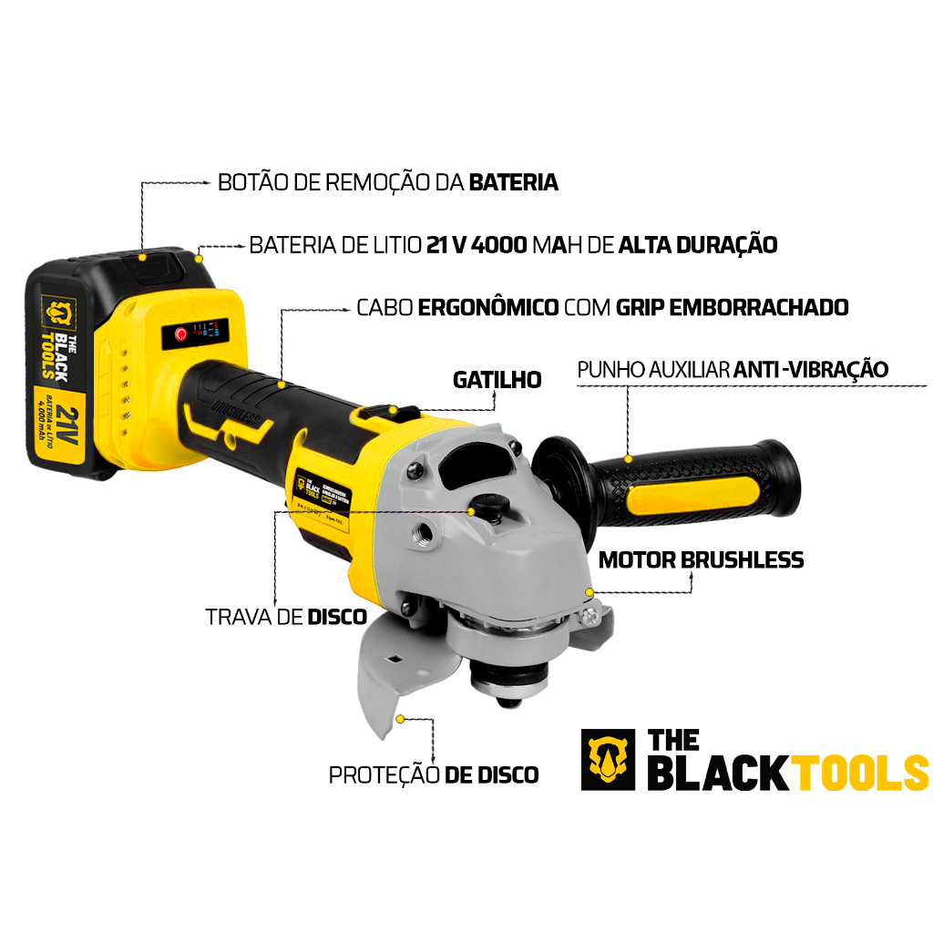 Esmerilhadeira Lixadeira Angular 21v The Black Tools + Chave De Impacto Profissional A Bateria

^^^^^^^^

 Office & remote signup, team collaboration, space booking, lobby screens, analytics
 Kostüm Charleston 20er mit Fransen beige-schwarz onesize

^^^^^^^^

What to produce - Reproduce verbatim only the segment of the listing bounded by the line containing "Office & remote" and the line containing "Kostüm Charleston 20er", with both boundary lines included.

Written response -
 Office & remote signup, team collaboration, space booking, lobby screens, analytics
 Kostüm Charleston 20er mit Fransen beige-schwarz onesize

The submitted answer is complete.